Bar tabs come up frequently in The Sun Also Rises, only natural when you consider how much alcohol Jake and his friends drink. It seems every time a drink is consumed, there is a small kerfuffle over who will pay for it. Interestingly, the group takes their drinking as seriously as they do paying for the drinks - which is to say, not seriously at all.  I think their attitude has its roots in the war; their shifting of financial responsibility and obligation from member to member, always passing the buck while uncertain where it stops, echoes the soldier's nebulous web of obligation and non-obligation. Following the bloodbath and destruction of the war, no one seems to know who is finally responsible for any action, and their continual engagement in the transient pleasure of alcohol with disinterest to the financial, physical, and moral consequences reflect that. Jake's bar tabs are the anachronistic reminder that once upon a time, actions that taken had to be answered to and carried weight. But during the war, the horrific injuries the group members suffer and the bloody images they see trace back to no one, and they return to peacetime thinking that they have now earned the right to live similarly. The bar tabs’ continual presence in the story tells the reader that Jake remembers a long time ago he, too, cared about such consequences.

Similarly, the group lives their life as one big fiesta, magically avoiding the imminent hangovers that their Bacchanalian adventure would realistically entail.

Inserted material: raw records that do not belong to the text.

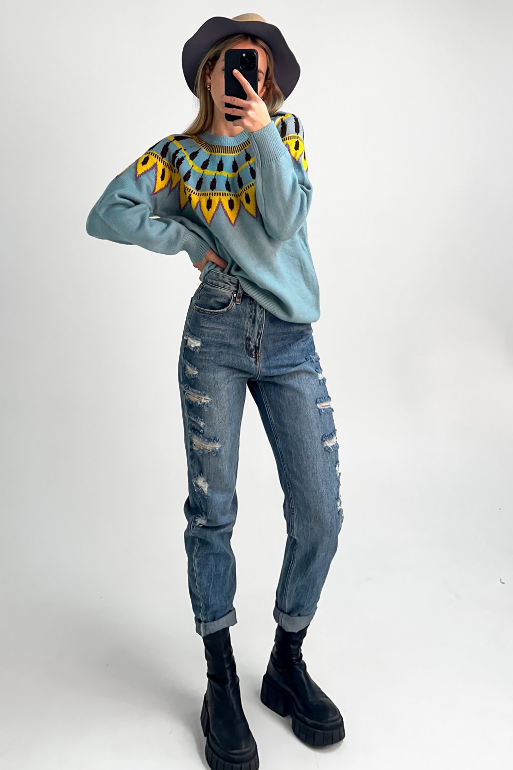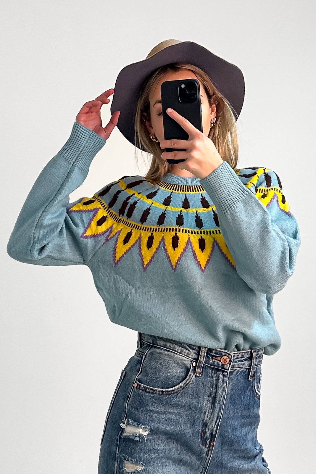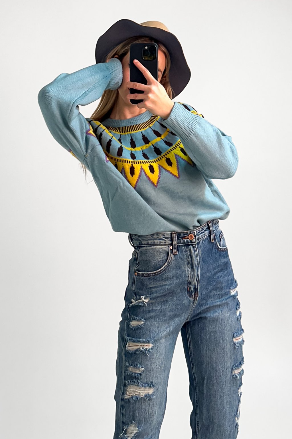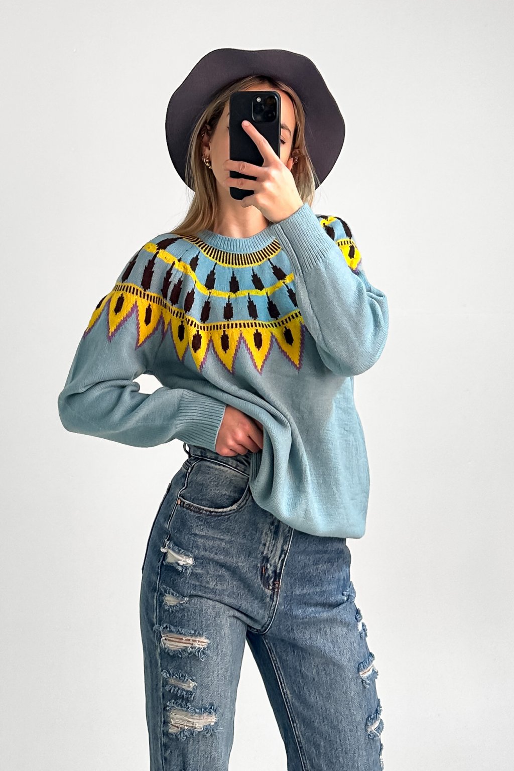 Vzorovaný sveter vo voľnom strihu z príjemného materiálu.
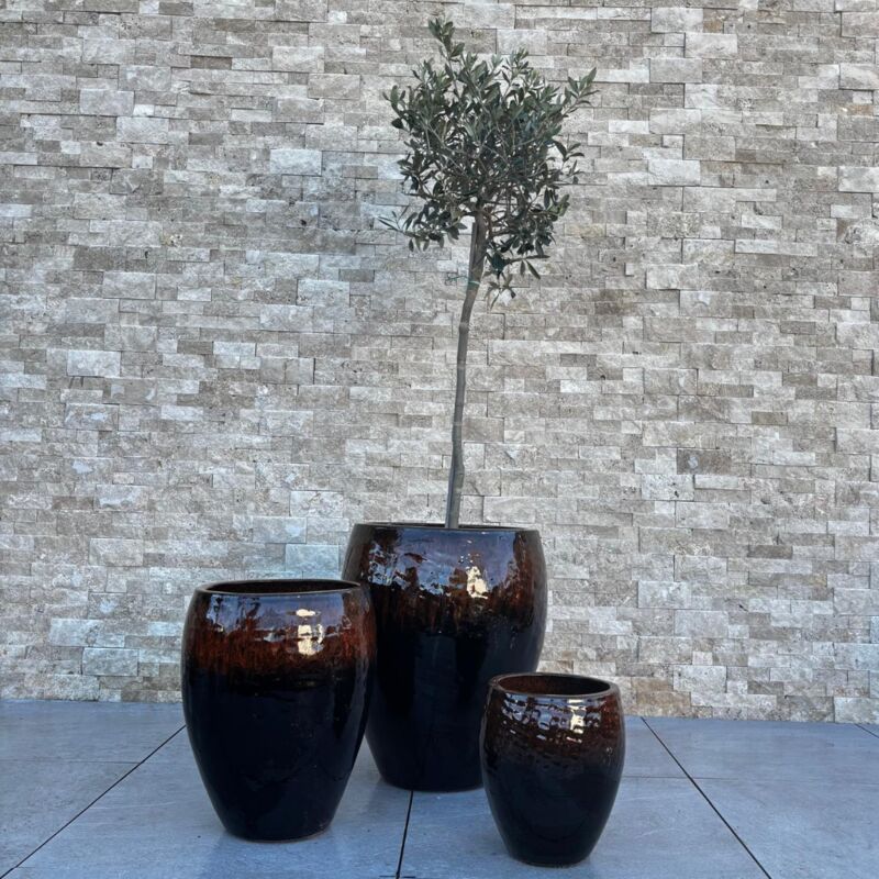 Pot grande taille d'extérieur MEROVEE 23x35cm noir, fait main en terre cuite émaillée, résistant au gel
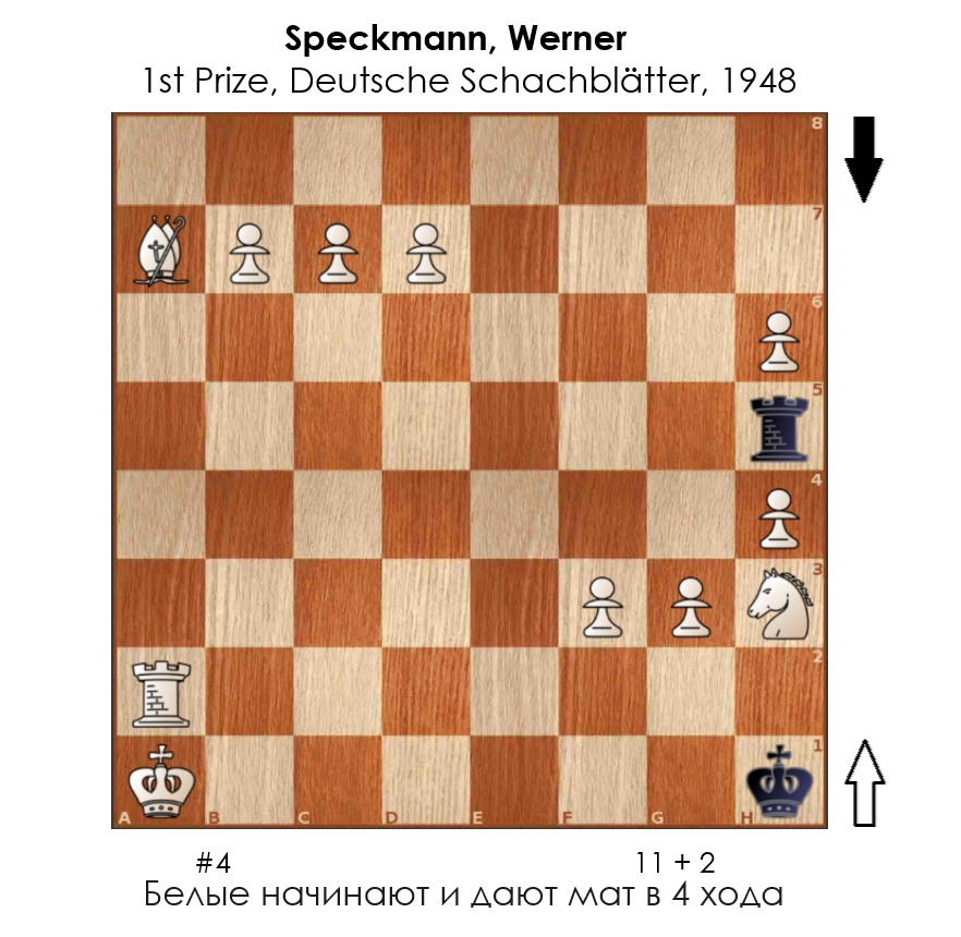 Что-то давненько не было у нас четырёхходовки, поэтому вот: композиция немецкого шахматного композитора Вернера Шпекмана (Werner Speckmann, 1913 - 2001), взявшая первый приз турнира шахматной газеты "Deutsche Schachblätter" в 1948 году.
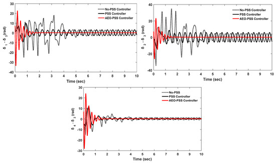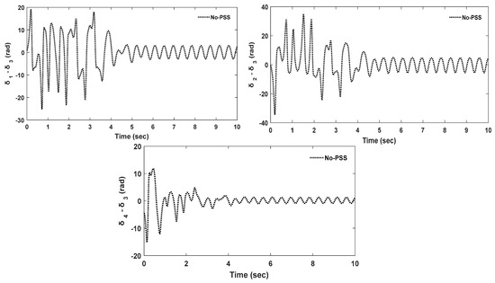 As already mentioned, controlling the synchronous generator’s rotor speed change leads to control of the synchronous generator’s rotor angle, as explained in the sequential events of electromechanical oscillations; thus, with control over the rotor speeds of the synchronous generators, the rotor angles of the synchronous generators are controlled as well. Figure 22 shows a comparison of the rotor angles of the controlled and uncontrolled synchronous generators.
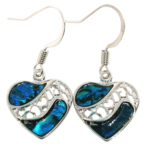 Naušnice srdíčka z paua mušle,který je zasazený do bílého kovu, neobsahujícího nikl.
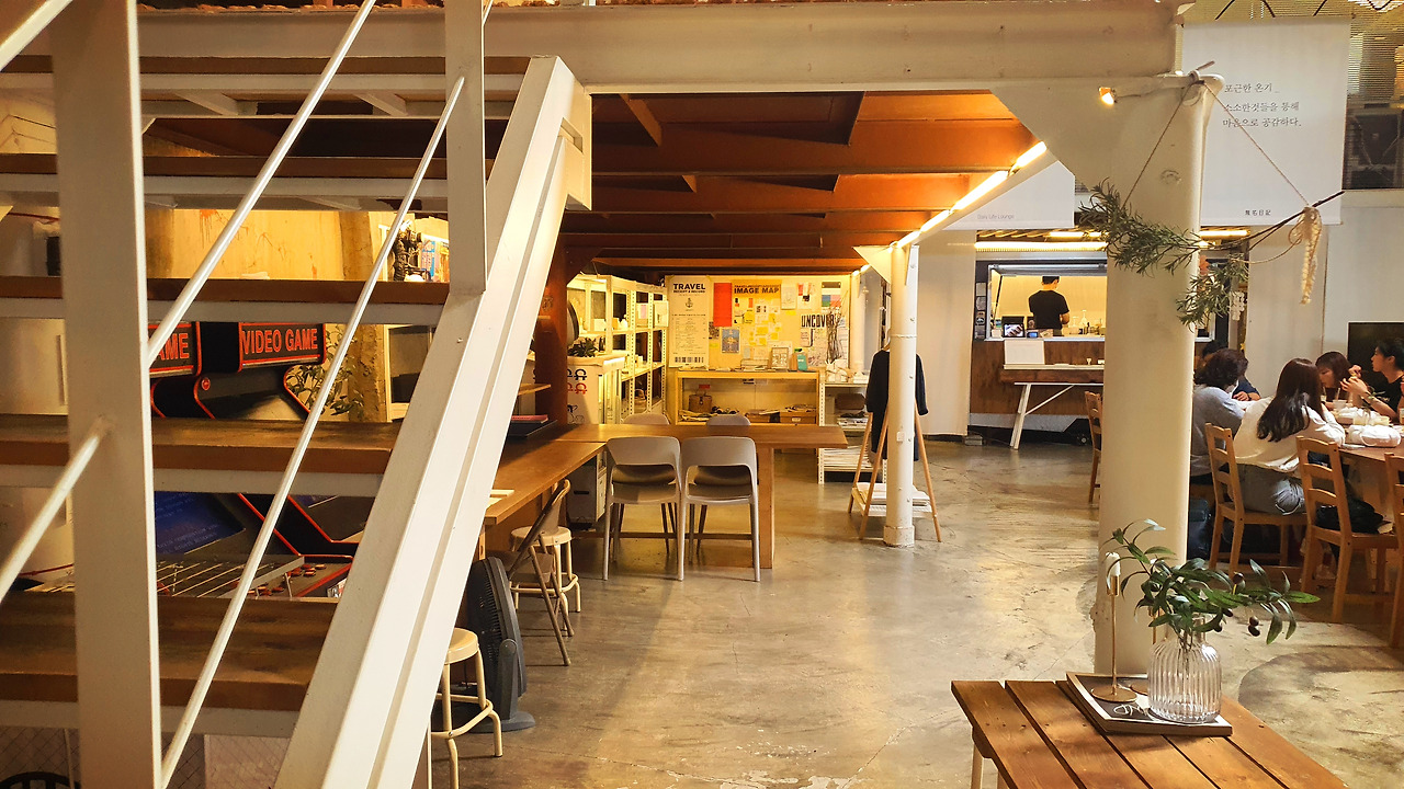 사회적 거리두기 강화라는 어려움 속에서도 오프라인 플랫폼으로서 많은 변화들을 반영한 점들이 눈에 들어왔습니다. 무명일기는 기존 항만수리창고의 건축물 구조를 살려 리모델링한 곳으로 크게 1층과 2층을 나눠서 보면 1층엔 새로운 레트로 느낌의 소품들이 매력을 뽐내고 있었습니다. 항상 드는 생각이지만 입구에 들어와서 바라보는 공간 전체의 아우라는 압도적이고요.
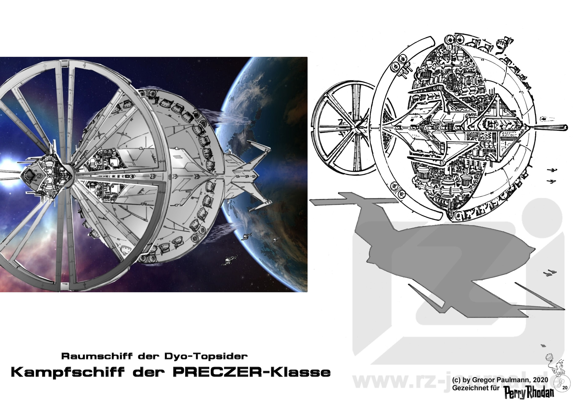 Die mit 2200 Metern Gesamtlänge und einem Kugeldurchmesser von 870 Metern sehr mächtigen Raumschiffe der PRECZER-Klasse bilden das Rückgrat der Raumflotte des Sternengeleges Topsid, das die Hegemonialmacht im Bereich des dyoversalen Zwillingsuniversums darstellt, in das Terra im Jahr 1614 NGZ versetzt wurde. Wie für die Dyo-Topsider typisch, verfolgt das Schiff einen asymmetrischen Aufbau mit einer Hauptkugelzelle und einem seitlich daran verlaufenden, keilförmigen Rumpf sowie Auslegern am Heck. Ein auffälliges Merkmal aller Großeinheiten der Dyo-Topsider sind die beiden gegenläufig rotierenden Linearkavitatoren im Bug, auf der Hauptachse der Kugelzelle. Die Abflugmasse beträgt im Schnitt 97,5 Millionen Tonnen. Die PRECZER-Klasse trägt 64 Groß-Beiboote und über 200 Klein-Beiboote und Shuttles. |
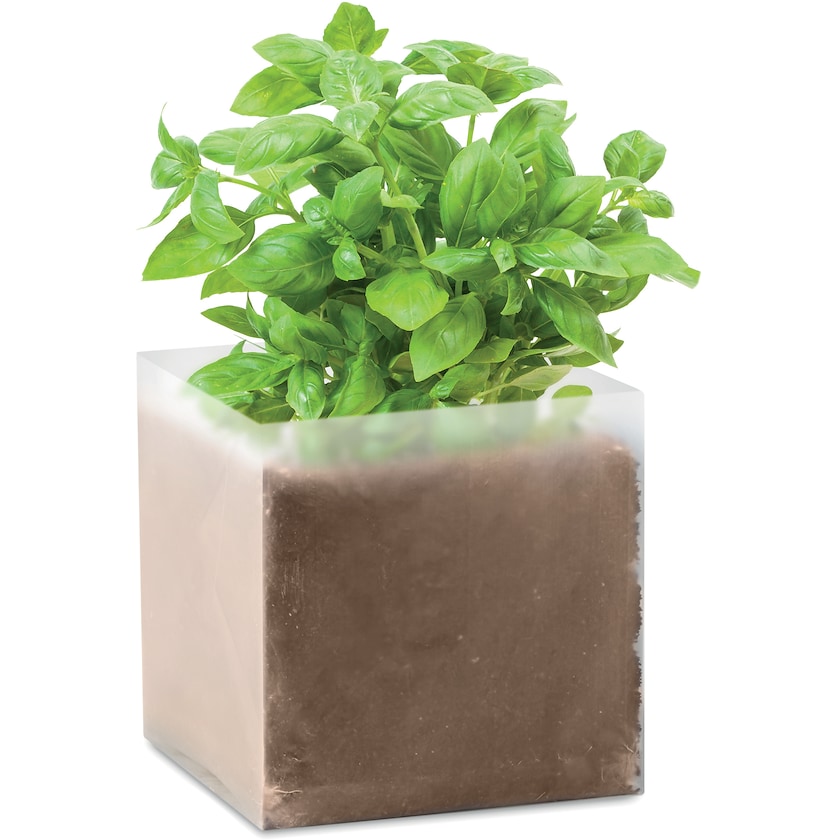 Kleines Set für die Anzucht von Basilikum. Geben Sie nur 30 cl Wasser hinzu und Sie erhalten 1 Liter Pflanzerde, aus der schon bald Basilikum wächst. Der Druck erfolgt im 1-Farbdruck.
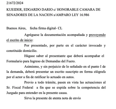 Ante esto, el juez Enrique Lavié Pico tomó las primeras medidas: ordenó que presente “un escrito suscripto en forma ológrafa por el actor a fin de ratificar lo actuado”. Esto significa que debe conseguirse la firma de Kueider, a pesar de que en la demanda se había planteado que en este momento está detenido en Paraguay.
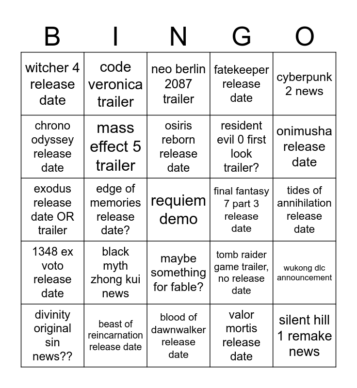 This bingo card has a free space and 24 words: divinity original sin news??, black myth zhong kui news, osiris reborn release date, valor mortis release date, cyberpunk 2 news, witcher 4 release date, code veronica trailer, neo berlin 2087 trailer, final fantasy 7 part 3 release date, tides of annihilation release date, exodus release date OR trailer, mass effect 5 trailer, tomb raider game trailer, no release date, wukong dlc announcement, chrono odyssey release date, beast of reincarnation release date, blood of dawnwalker release date, fatekeeper release date, onimusha release date, 1348 ex voto release date, edge of memories release date?, maybe something for fable?, resident evil 0 first look trailer? and silent hill 1 remake news.
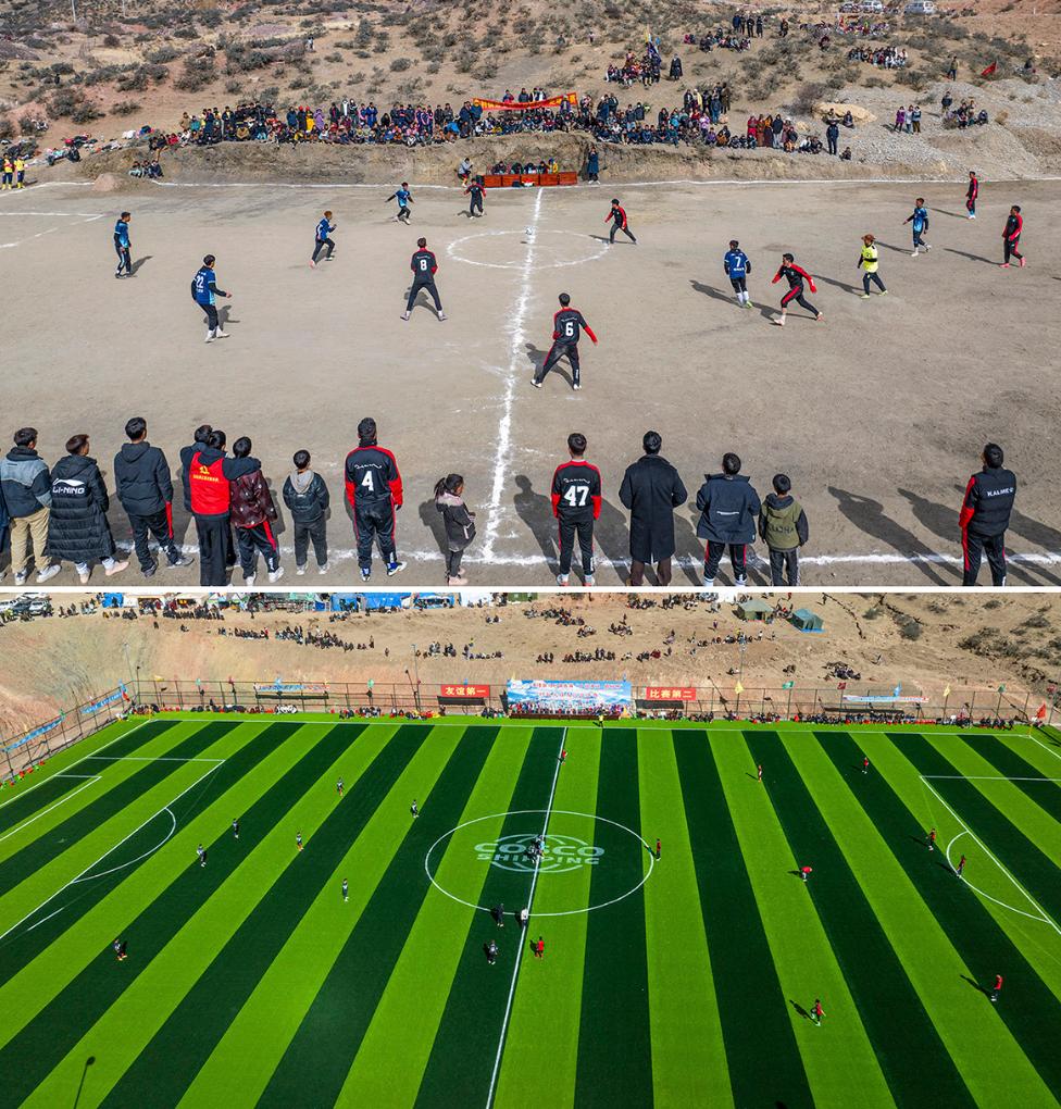 “以前一場比賽下來,球鞋球襪里全是土,但是大家最期待的還是新年前的足球賽?!?021年嘎瑪加永燈培大學(xué)畢業(yè)后回到家鄉(xiāng)工作,在一座標(biāo)準(zhǔn)化足球場踢球是他那時最大的心愿。

Jake’s storytelling often hints at his fatigue and exhaustion, but chooses not to attribute this to the copious amounts of alcohol he consumes. Instead, he sees weariness (and alcohol) as a fundamental characteristic of post-war life. This lets Jake off the hook for his behavior, detaching drinking’s consequences from the act of drinking itself, and leads him and the group to believe they can outrun anything. Just as Mike always believes he will find money as he sits mired in bankruptcy, the group continues to drink, believing that they will escape their hangovers with another drink. But for the Lost Generation, the trick might just work.